From Wiktionary and Etomology Online
you (pron.) Old English eow, dative and accusative plural of þu (see thou), objective case of ge, “ye” (see ye), from Proto-Germanic *juz-, *iwwiz (cognates: Old Norse yor, Old Saxon iu, Old Frisian iuwe, Middle Dutch, Dutch u, Old High German iu, iuwih, German euch), from PIE *yu, second person (plural) pronoun.
Pronunciation of you and the nominative form ye gradually merged from 14c.; the distinction between them passed out of general usage by 1600. Widespread use of French in England after 12c. gave English you the same association as French vous, and it began to drive out singular nominative thou, originally as a sign of respect (similar to the “royal we”) when addressing superiors, then equals and strangers, and ultimately (by c.1575) becoming the general form of address. Through 13c. English also retained a dual pronoun ink “you two; your two selves; each other.”
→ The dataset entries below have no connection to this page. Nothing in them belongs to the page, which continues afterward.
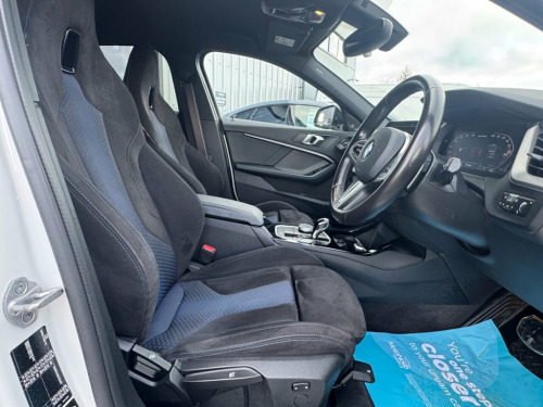 DRIVE HOME TODAY IN THIS WONDERFUL & LOW MILEAGE 2023-73 BMW 1 SERIES M135i 5 DOOR PETROL XDRIVE EURO 6 306 BHP FINSIHED IN ALPINE WHITE AND TRIMMED WITH HEATED BLACK SPORTS SEATING. LOW MILEAGE ONLY 17K WITH A FULL BMW MAIN DEALER SERVICE HISTORY AND JUST SERVICED @ 15,850 MILES WITH THE BALANCE OF BMW WARRANTY UNTIL 09/2026. A SUPERB COMBINAITON OF STYLE, LUXURY, PRACTICALITY AND PERFORMANCE . GREAT SPEC WITH OVER £2,500 OF FACTORY FITTED EXTRAS INC 19" ALLOY WHEELS, PRIVACY GLASS, M135i PRO PACK, SAT-NAV, FRONT & REAR SENSORS, HARMAN-KARDON SOUND UPGRADE, CAR PLAY, ELECTRIC FOLDING MIRRORS, CLIMATE & CRUISE CONTROL, DAB, BLUETOOTH. 12V Power Socket in Centre Console Front, 18in Alloy Wheels - M Double-Spoke Style, Active Guard Plus, Air Conditioning Automatic with Two-Zone, Airbags, Alarm System - Thatcham 1 with Remote Co, Armrest - Front Centre, Attentiveness Assistant, Automatic Windscreen Wipers and Headligh, Automatically Dimming Rear View Mirror, BMW Connected Package Professional, BMW ConnectedDrive Online Services, BMW Emergency Call, BMW Live Cockpit Professional, BMW Mobility Tyre Sealing System, BMW TeleServices, Bluetooth - Audio Streaming - with Compa, Bluetooth Hands Free with USB Audio Inte, Bumper System Front and Rear - Replaceab, Central Locking Switch - Doors - Fuel Fi, Check Control Warning System f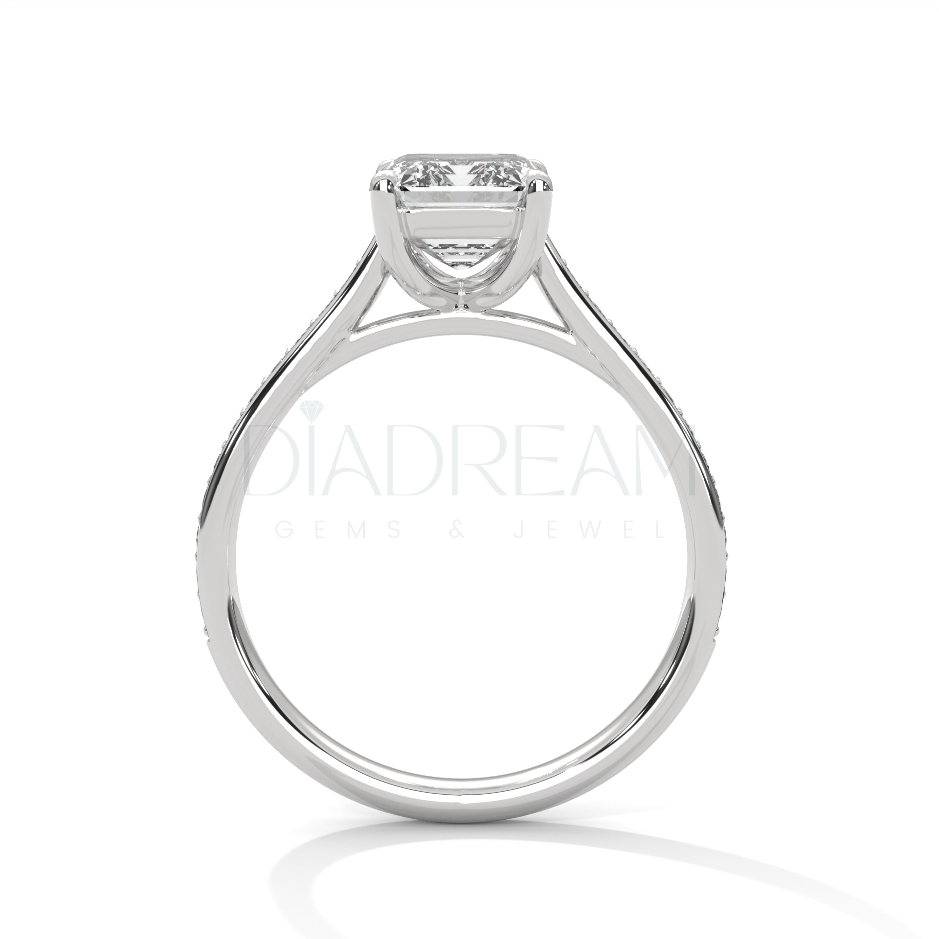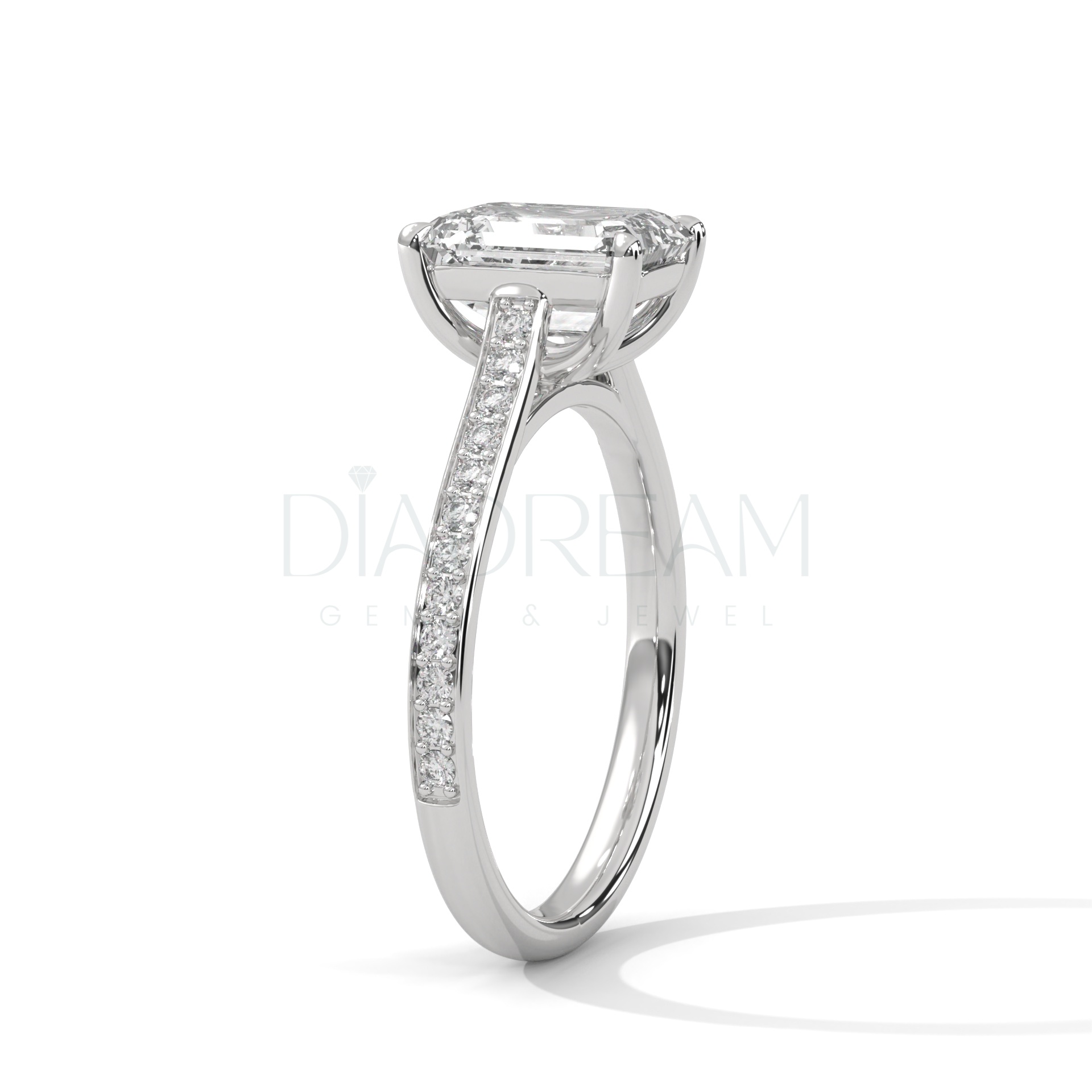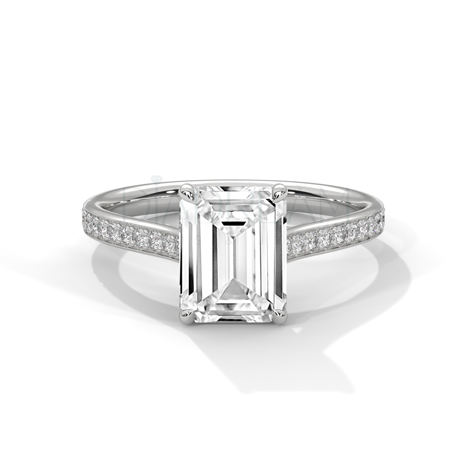 Indulge in the timeless beauty of our 2 carat emerald cut moissanite ring, a masterpiece of craftsmanship and elegance. Showcasing a captivating 2.00 carat (approx.) emerald-cut moissanite, this ring is a symbol of sophistication and refined style. The colorless, VVS clarity, and ideal cut of the moissanite ensure a breathtaking display of light and fire, creating a mesmerizing spectacle of brilliance.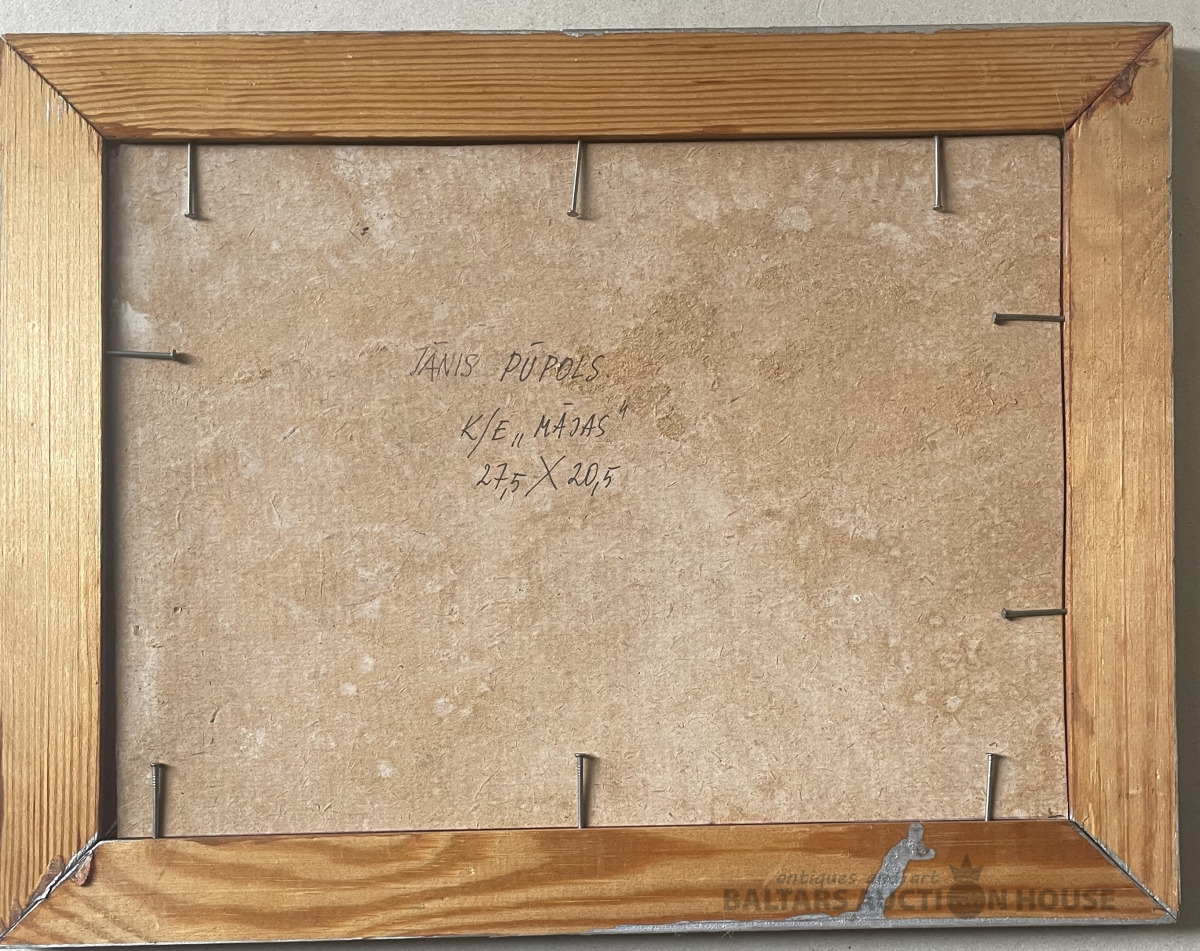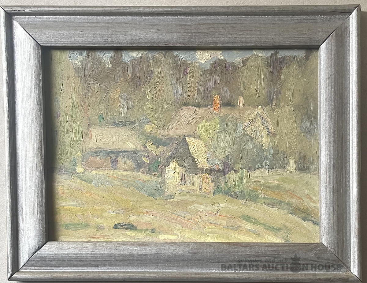 Jānis Pūpols 1886.-1956. LAUKU MĀJAS PIE MEŽA, k.e., 19,6x27cm, ap 1940.g.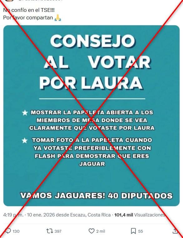 En las elecciones presidenciales de Costa Rica, del 1 de febrero de 2026, está prohibido hacer público el voto o tomar fotografías dentro del recinto de votación. Sin embargo, en los días previos a los comicios, en redes sociales se ha compartido más de 400 veces una imagen que insta a los electores a mostrar su papeleta a los miembros de la mesa y tomarle una foto, además de promover el apoyo a la candidata oficialista Laura Fernández, del Partido Pueblo Soberano (PPSO). Seguir estas instrucciones podría anular el sufragio, de acuerdo con los lineamientos electorales.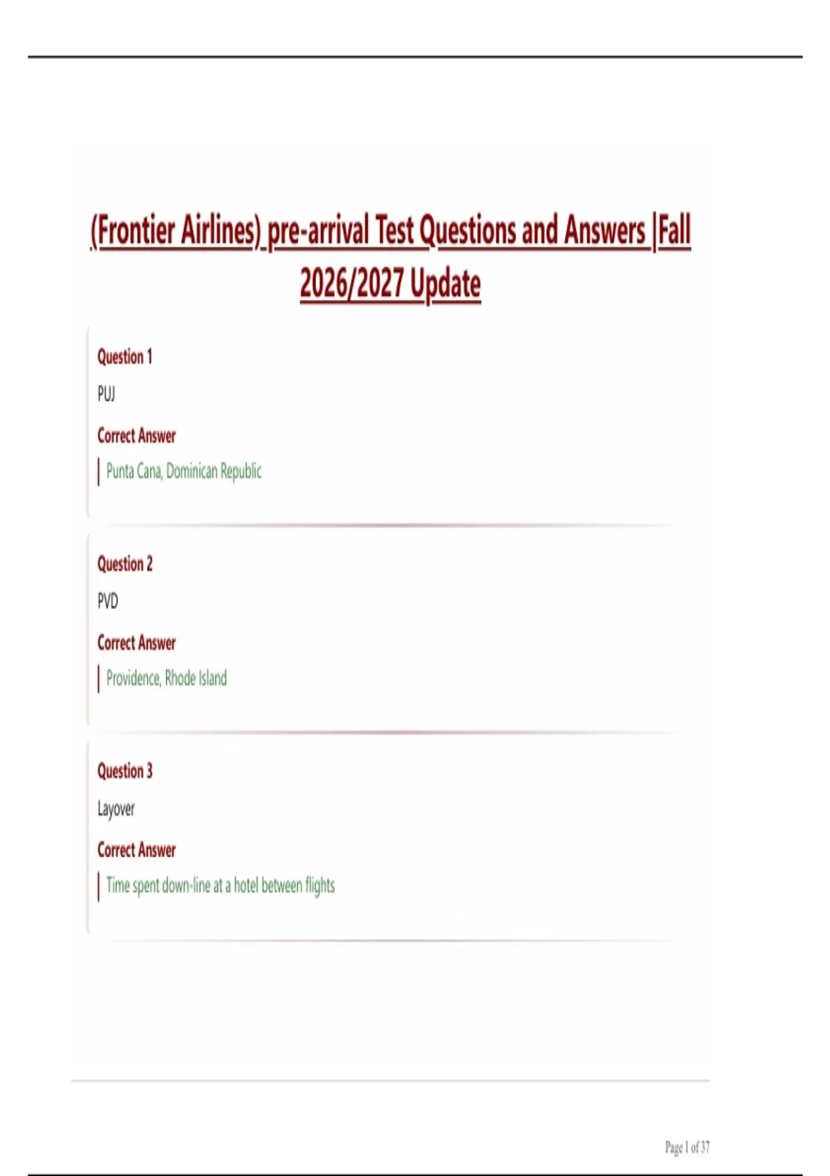 (Frontier Airlines) pre-arrival Test Questions and Answers |Fall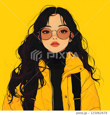 時尚的年輕亞洲女性。一幅具有醒目的黃色背景和時尚的肖像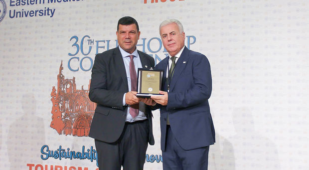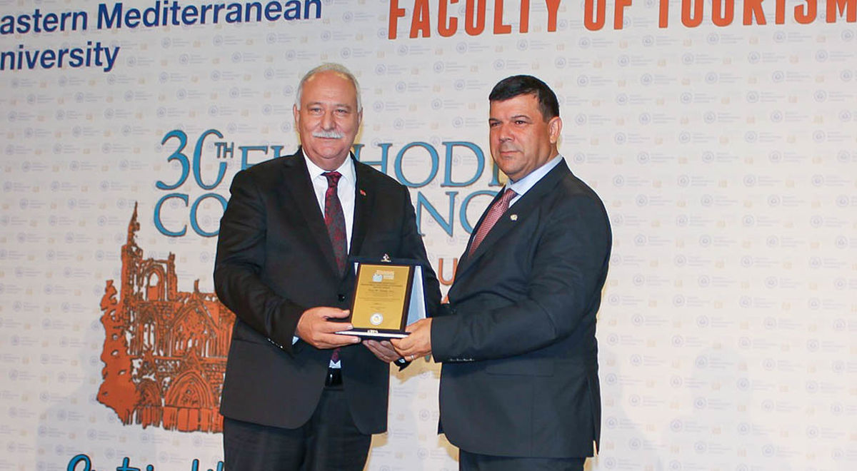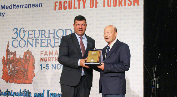 Following the opening speeches, Prof. Dr. Kılıç presented the Tourism and Hotel Management Education Outstanding Service Award to YÖDAK President Prof. Dr. Avcı and the former Dean of EMU Faculty of Tourism and Dean of Girne University Faculty of Tourism, Prof. Dr. Mehmet Altınay. Salamis Hotel General Manager Süleyman Kansu received the Tourism Sector Outstanding Service Award on behalf of Salamis Hotel General Coordinator Dr. Mehmet Kıral, and Prof. Dr. Kılıç presented a plaque of appreciation to EURHODIP President Paulo Reves.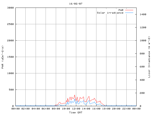 The PML meteorological station, situated on the south-west corner of the building roof, consists of a Hygroclip S3 temperature and humidity sensor housed in a radiation shield, a Mierij Meteo solid state wind sensor (MMW-005), a Chelsea instruments half-hemisphere PAR sensor, a Li-Cor pyranometer (LI-200SZ) and an Omni Instruments 6" tipping bucket raingauge (RG200). The data are logged every 5 minutes using a Pace Scientific XR5 data logger. The real-time rainfall data is likely in error - the correct values will be displayed after a time lag of approximately 24 hours. The meteorological station is sheltered from winds in the north-east and underestimates winds from this quarter. To use these data please contact Dr Tim Smyth.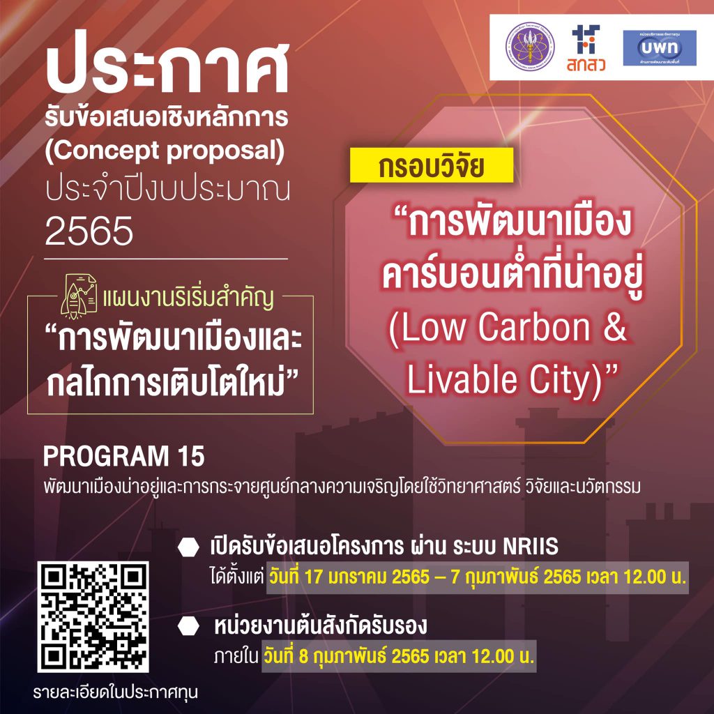 ข่าวประชาสัมพันธ์ประกาศรับข้อเสนอเชิงหลักการ (Concept Proposal) ประจำปีงบประมาณ 2565 Sutthirak Kanlaya / 8 กุมภาพันธ์ 2022 หน่วยบริหารและจัดการ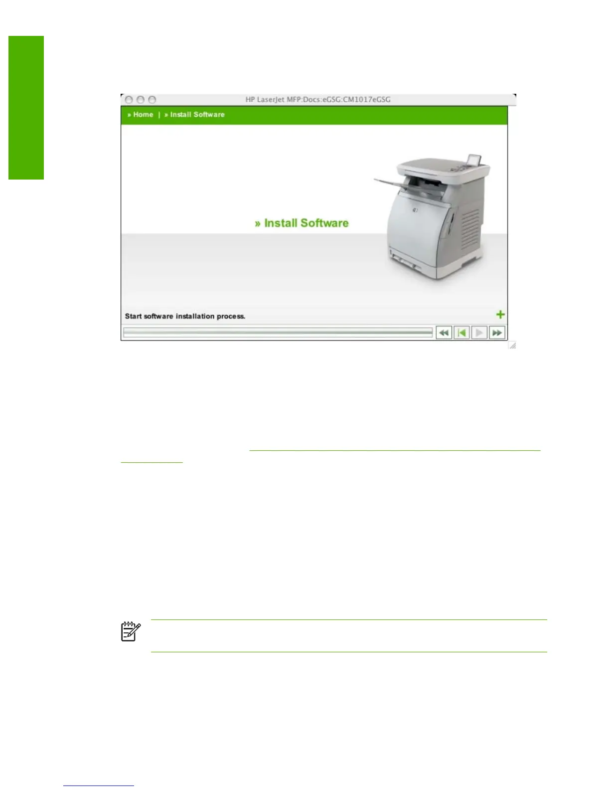 4. If you have not set up your HP Color LaserJet CM1015 MFP/CM1017 MFP, click Begin Setup and

Because of its pronunciation, ewe and its homophone you form one of only two homophone pairs in modern English that share no letters.
The other pair is ‘I’ and “eye”, with “aye” also for some dialects,
and then there’s Yew
ewe (n.) Old English eowu, fem. of eow “sheep,” from Proto-Germanic *awi, genitive *awjoz (cognates: Old Saxon ewi, Old Frisian ei, Middle Dutch ooge, Dutch ooi, Old High German ouwi “sheep,” Gothic aweþi “flock of sheep”), from PIE *owi- (cognates: Sanskrit avih, Greek ois, Latin ovis, Lithuanian avis “sheep,” Old Church Slavonic ovica “ewe,” Old Irish oi “sheep,” Welsh ewig “hind”).
The decapitated “i”
Why decapitate “i”; leave “I” headless?
I // is the first-person singular nominative case personal pronoun in Modern English. It is used to refer to one’s self and is capitalized, although other pronouns, such as he or she, are not capitalized. In Australian English, British English and Irish English, me can refer to someone’s possessions (see archaic and non-standard forms of English personal pronouns).
English I originates from Old English (OE) ic. Its predecessor ic had in turn originated from the continuation of Proto-Germanic ik, and ek; ek was attested in the Elder Futhark inscriptions (in some cases notably showing the variant eka; see also ek erilaz). Linguists assume ik to have developed from the unstressed variant of ek. Variants of ic were used in various English dialects up until the 1600s
aye (adv.) “always, ever,” c.1200, from Old Norse ei “ever” (cognate with Old English a “always, ever”), from PIE *aiw- “vital force, life, long life, eternity” (cognates: Greek aion “age, eternity,” Latin aevum “space of time;” see eon).